■ How to complete this task: Taking the entries below from the top, restate each line exactly and end with the line containing "4、市民建造完成后,在单位列".

----- Data records -----

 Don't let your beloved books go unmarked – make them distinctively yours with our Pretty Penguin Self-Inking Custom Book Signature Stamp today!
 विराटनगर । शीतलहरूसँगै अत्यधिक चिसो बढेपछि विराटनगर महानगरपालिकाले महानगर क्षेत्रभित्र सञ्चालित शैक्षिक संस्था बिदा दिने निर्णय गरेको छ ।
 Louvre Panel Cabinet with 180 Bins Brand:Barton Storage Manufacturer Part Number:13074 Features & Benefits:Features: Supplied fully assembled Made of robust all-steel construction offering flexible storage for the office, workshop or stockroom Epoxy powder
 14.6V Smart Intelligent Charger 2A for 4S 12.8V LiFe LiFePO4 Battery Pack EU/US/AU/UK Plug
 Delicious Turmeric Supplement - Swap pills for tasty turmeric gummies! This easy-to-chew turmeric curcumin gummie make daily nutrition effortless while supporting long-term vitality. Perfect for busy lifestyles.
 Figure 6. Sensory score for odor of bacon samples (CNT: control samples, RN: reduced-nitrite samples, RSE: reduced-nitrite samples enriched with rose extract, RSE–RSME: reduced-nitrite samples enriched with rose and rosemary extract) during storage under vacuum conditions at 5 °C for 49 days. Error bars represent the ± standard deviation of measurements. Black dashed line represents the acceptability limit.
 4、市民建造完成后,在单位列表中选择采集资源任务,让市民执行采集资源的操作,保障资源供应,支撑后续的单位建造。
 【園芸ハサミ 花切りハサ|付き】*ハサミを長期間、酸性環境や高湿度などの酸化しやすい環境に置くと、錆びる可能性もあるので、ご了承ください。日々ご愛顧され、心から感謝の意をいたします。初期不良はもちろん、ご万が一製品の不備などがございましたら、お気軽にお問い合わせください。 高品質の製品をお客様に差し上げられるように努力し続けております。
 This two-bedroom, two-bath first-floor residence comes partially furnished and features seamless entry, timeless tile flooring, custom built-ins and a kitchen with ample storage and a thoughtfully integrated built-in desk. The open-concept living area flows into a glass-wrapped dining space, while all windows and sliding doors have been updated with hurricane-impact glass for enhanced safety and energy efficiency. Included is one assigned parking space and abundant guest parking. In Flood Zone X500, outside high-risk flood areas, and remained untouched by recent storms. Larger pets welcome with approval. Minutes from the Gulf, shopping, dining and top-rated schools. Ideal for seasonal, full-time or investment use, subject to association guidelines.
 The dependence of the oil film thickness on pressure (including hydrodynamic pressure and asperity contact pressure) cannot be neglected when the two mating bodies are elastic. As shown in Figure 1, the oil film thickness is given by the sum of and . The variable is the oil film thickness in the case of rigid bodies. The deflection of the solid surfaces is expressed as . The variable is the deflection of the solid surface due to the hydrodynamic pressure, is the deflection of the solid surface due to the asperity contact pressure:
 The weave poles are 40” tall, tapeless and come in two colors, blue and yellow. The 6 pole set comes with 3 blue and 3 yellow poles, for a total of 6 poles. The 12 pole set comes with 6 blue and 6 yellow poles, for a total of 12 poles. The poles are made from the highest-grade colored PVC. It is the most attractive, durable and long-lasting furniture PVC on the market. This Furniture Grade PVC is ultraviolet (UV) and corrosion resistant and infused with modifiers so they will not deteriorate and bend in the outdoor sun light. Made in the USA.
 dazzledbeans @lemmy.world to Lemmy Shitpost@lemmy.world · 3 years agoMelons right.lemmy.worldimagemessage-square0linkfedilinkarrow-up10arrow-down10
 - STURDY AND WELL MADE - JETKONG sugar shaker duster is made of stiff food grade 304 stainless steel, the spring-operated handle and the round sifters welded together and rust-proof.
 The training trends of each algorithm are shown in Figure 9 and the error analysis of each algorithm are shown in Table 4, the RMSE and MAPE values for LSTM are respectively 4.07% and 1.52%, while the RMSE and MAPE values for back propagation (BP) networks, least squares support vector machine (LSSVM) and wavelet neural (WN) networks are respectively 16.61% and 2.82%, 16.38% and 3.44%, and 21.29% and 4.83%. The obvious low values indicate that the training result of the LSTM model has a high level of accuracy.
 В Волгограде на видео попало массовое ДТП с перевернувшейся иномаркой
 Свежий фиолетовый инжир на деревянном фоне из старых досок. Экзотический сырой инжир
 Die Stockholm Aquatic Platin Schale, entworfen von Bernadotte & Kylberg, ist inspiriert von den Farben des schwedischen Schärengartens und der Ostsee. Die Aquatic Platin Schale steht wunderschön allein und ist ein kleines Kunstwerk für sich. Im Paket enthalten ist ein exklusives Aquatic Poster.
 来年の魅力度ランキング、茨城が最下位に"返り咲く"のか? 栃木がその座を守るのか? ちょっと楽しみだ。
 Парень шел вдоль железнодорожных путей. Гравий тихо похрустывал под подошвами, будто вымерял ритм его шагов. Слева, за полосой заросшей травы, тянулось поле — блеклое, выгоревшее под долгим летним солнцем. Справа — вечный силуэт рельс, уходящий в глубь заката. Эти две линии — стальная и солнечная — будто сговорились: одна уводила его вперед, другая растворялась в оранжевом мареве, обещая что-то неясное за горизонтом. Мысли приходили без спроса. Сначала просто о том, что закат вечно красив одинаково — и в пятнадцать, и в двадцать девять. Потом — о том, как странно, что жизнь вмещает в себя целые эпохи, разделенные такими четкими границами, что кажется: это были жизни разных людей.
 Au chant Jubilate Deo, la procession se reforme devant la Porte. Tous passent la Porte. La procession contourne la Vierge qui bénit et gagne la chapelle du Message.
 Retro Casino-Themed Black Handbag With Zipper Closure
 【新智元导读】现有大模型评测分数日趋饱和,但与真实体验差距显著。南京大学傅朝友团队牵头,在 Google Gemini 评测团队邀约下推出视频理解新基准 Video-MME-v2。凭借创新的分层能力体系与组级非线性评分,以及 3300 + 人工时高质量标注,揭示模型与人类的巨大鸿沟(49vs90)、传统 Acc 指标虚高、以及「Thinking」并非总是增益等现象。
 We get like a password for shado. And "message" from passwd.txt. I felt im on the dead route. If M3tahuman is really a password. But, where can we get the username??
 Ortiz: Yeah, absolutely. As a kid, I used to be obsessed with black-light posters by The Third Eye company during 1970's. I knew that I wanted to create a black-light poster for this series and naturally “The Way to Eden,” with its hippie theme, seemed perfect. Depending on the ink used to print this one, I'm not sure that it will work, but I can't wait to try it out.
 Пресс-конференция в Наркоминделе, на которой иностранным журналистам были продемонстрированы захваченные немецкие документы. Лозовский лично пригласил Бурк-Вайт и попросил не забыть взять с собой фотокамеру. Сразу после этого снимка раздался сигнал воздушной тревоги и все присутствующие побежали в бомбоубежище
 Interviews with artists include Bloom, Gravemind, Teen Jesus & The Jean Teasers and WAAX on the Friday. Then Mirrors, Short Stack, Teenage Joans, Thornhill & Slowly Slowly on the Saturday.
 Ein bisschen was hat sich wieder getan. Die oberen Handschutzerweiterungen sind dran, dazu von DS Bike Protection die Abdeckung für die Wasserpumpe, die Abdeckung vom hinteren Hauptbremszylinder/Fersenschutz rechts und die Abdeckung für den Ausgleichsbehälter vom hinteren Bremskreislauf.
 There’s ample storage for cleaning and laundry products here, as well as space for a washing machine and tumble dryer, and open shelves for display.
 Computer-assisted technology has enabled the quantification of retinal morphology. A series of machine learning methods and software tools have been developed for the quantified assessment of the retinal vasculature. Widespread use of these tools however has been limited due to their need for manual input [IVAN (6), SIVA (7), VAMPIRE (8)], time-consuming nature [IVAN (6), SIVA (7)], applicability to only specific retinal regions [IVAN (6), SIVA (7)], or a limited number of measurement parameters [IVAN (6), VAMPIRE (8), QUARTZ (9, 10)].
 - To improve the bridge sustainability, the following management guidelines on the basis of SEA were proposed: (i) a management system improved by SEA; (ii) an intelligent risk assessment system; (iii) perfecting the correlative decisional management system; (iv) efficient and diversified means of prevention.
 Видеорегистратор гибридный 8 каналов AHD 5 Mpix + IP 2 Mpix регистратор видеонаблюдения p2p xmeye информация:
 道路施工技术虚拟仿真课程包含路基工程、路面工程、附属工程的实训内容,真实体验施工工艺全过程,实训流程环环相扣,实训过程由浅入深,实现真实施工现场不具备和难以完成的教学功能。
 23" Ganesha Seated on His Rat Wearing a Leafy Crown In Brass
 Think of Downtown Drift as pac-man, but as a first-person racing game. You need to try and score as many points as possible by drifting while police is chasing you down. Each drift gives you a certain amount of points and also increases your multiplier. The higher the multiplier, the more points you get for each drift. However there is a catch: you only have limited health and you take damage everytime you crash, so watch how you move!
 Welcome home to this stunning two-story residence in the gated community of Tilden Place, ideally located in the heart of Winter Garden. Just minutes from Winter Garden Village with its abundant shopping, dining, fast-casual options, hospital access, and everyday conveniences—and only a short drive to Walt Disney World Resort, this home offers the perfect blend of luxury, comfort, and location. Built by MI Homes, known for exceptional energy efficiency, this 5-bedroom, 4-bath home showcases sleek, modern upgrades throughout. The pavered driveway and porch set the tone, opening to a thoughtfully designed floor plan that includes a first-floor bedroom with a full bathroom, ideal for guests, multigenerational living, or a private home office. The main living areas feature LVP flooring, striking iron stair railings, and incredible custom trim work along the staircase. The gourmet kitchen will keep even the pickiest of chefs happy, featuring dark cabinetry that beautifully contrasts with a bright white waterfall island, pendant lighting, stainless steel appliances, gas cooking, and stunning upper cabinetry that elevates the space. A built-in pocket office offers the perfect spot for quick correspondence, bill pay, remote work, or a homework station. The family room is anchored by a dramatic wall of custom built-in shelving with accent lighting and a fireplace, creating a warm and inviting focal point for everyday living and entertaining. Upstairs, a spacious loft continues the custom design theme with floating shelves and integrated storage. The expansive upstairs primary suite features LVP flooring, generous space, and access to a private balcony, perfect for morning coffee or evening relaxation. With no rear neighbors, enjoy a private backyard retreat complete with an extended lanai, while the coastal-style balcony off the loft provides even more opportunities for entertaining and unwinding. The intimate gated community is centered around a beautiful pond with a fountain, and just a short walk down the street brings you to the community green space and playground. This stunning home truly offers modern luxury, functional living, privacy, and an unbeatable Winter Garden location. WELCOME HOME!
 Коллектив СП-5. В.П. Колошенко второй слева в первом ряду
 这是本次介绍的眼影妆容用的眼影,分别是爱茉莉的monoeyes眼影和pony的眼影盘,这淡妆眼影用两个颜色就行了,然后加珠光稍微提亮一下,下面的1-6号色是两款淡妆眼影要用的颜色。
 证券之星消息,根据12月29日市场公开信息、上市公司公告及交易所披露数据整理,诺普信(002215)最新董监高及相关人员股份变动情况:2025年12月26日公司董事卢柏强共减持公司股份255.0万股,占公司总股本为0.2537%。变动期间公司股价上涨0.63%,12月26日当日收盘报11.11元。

-----

■ Task answer:
 Don't let your beloved books go unmarked – make them distinctively yours with our Pretty Penguin Self-Inking Custom Book Signature Stamp today!
 विराटनगर । शीतलहरूसँगै अत्यधिक चिसो बढेपछि विराटनगर महानगरपालिकाले महानगर क्षेत्रभित्र सञ्चालित शैक्षिक संस्था बिदा दिने निर्णय गरेको छ ।
 Louvre Panel Cabinet with 180 Bins Brand:Barton Storage Manufacturer Part Number:13074 Features & Benefits:Features: Supplied fully assembled Made of robust all-steel construction offering flexible storage for the office, workshop or stockroom Epoxy powder
 14.6V Smart Intelligent Charger 2A for 4S 12.8V LiFe LiFePO4 Battery Pack EU/US/AU/UK Plug
 Delicious Turmeric Supplement - Swap pills for tasty turmeric gummies! This easy-to-chew turmeric curcumin gummie make daily nutrition effortless while supporting long-term vitality. Perfect for busy lifestyles.
 Figure 6. Sensory score for odor of bacon samples (CNT: control samples, RN: reduced-nitrite samples, RSE: reduced-nitrite samples enriched with rose extract, RSE–RSME: reduced-nitrite samples enriched with rose and rosemary extract) during storage under vacuum conditions at 5 °C for 49 days. Error bars represent the ± standard deviation of measurements. Black dashed line represents the acceptability limit.
 4、市民建造完成后,在单位列表中选择采集资源任务,让市民执行采集资源的操作,保障资源供应,支撑后续的单位建造。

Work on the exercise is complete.